Key Methodological Advances

At the core of CC2Vec is its ability to model the hierarchical nature of code changes, integrating attention mechanisms that emphasize meaningful differences between the code removed and added. The framework comprises four core components: preprocessing, input layer, feature extraction layers, and feature fusion with prediction layers. The feature extraction relies on a hierarchical attention network (HAN) that processes the structural elements of code changes, such as hunks and lines, offering a detailed understanding useful for patch identification.

The comparison layer, a significant innovation within CC2Vec, uses multiple comparison functions—neural tensor networks, neural networks, similarity measures, element-wise subtraction, and multiplication—to derive a nuanced representation of the differences between added and removed code. By leveraging a variety of comparison operators, the architecture captures diverse aspects of code modifications.

Numerical Results and Implications

Empirical evaluations demonstrate CC2Vec's superior performance over existing methods. In log message generation, for instance, CC2Vec enhances BLEU scores by a notable margin, indicating better alignment with human-authored messages compared to bag-of-words approaches. For bug patch identification, CC2Vec-integrated models markedly increase accuracy, precision, recall, F1-score, and AUC across extensive Linux kernel datasets. Similarly, in JIT defect prediction, CC2Vec-augmented models achieve substantial gains in AUC metrics on diverse datasets, underscoring its utility in real-world, multi-task scenarios.

Theoretical Insights and Future Directions

Theoretically, CC2Vec contributes an innovative approach to learning from unstructured software patches by effectively utilizing semantic feedback from developers’ log messages. Its architecture, rooted in hierarchical representation and attention mechanisms, provides a promising direction for future explorations in AI-driven software engineering. In terms of future developments, researchers and practitioners can expand on CC2Vec’s design by integrating it into broader toolkits for automatic code refactoring, complex patch analysis, and language-agnostic models, thus broadening its applicability across various programming languages and domains.

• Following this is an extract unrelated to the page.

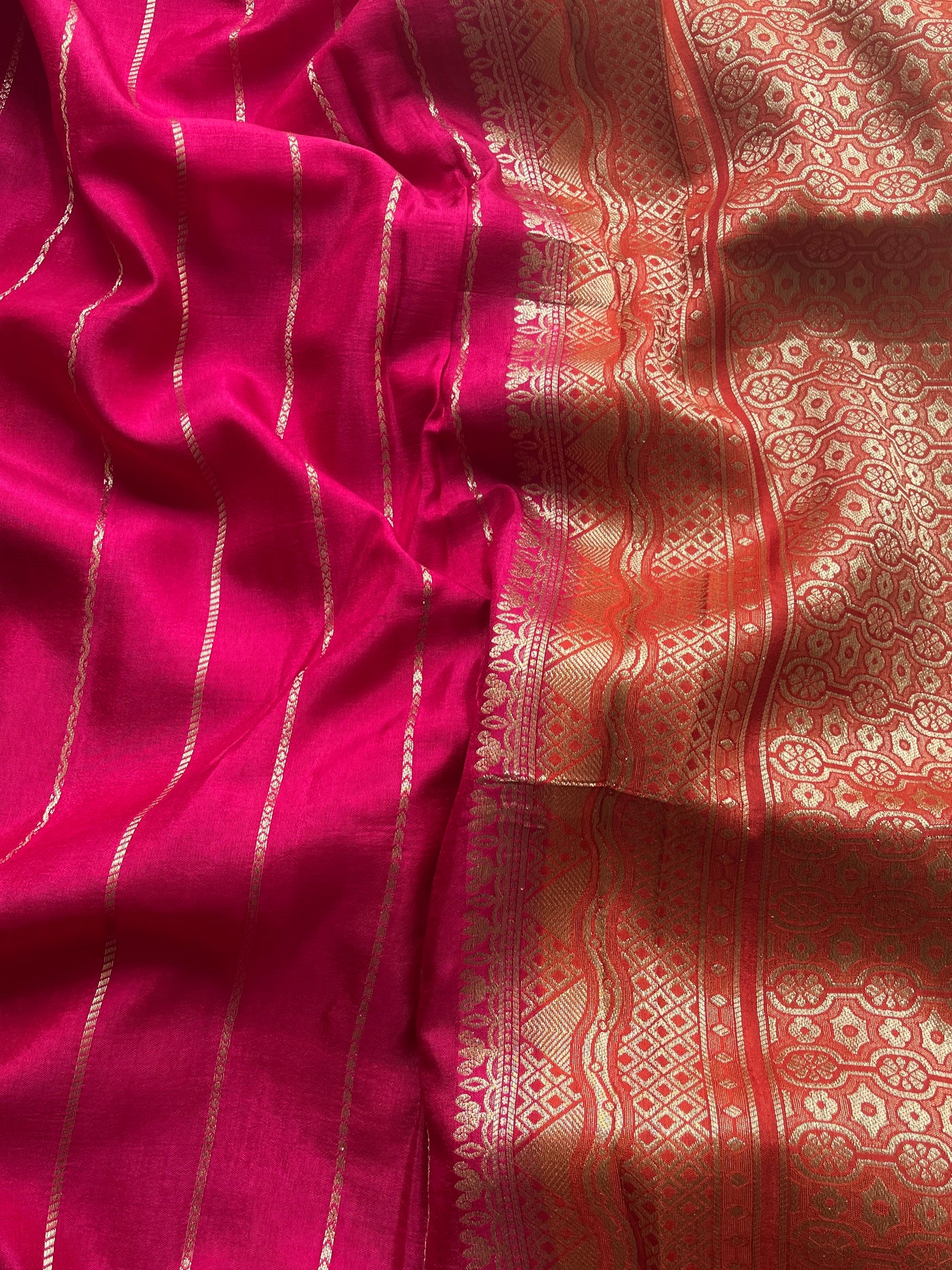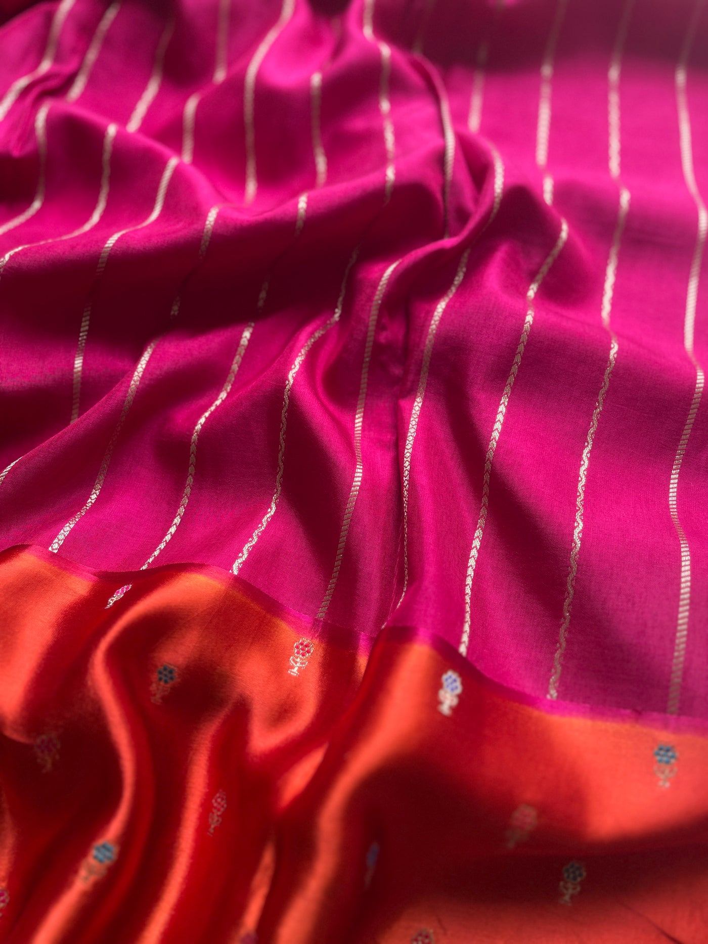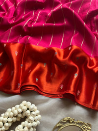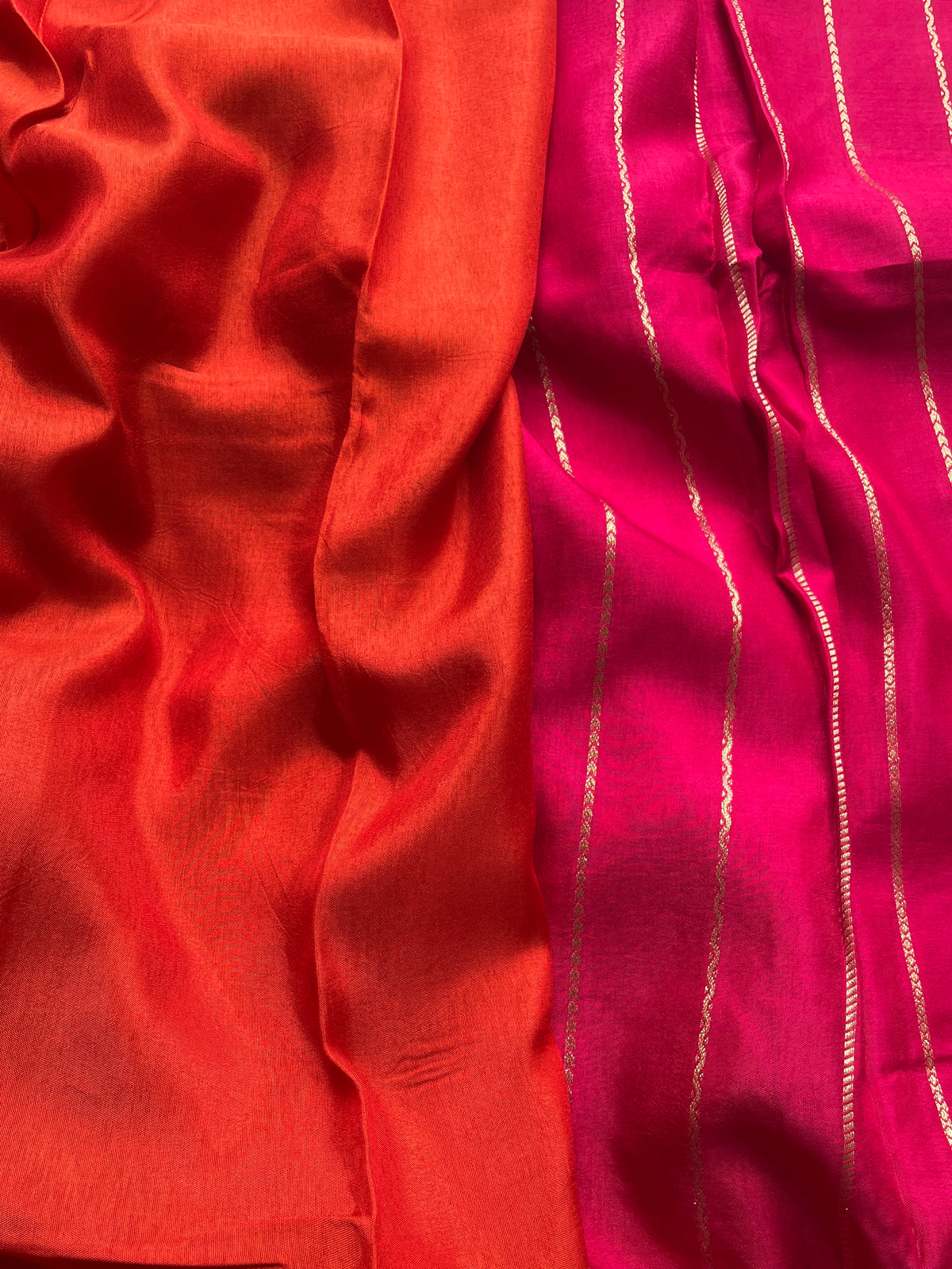 This Rani Pink Viscose Satin Saree is elegantly complemented by a vibrant orange border, creating a striking yet harmonious palette. Crafted from smooth viscose satin, it offers a lightweight and graceful drape, ideal for celebratory events and formal occasions. The bold border enhances the saree’s visual appeal, making it a sophisticated choice for those seeking vibrant elegance.

While the current paper primarily focuses on tasks related to code changes in software development cycles, extending these concepts into more diverse software engineering challenges could yield significant benefits, both practically and theoretically. Moreover, the paper lays a foundation for further experimentation with semi-supervised learning models as a means to harness unlabeled patch data, potentially increasing the efficiency and accuracy of software maintenance efforts.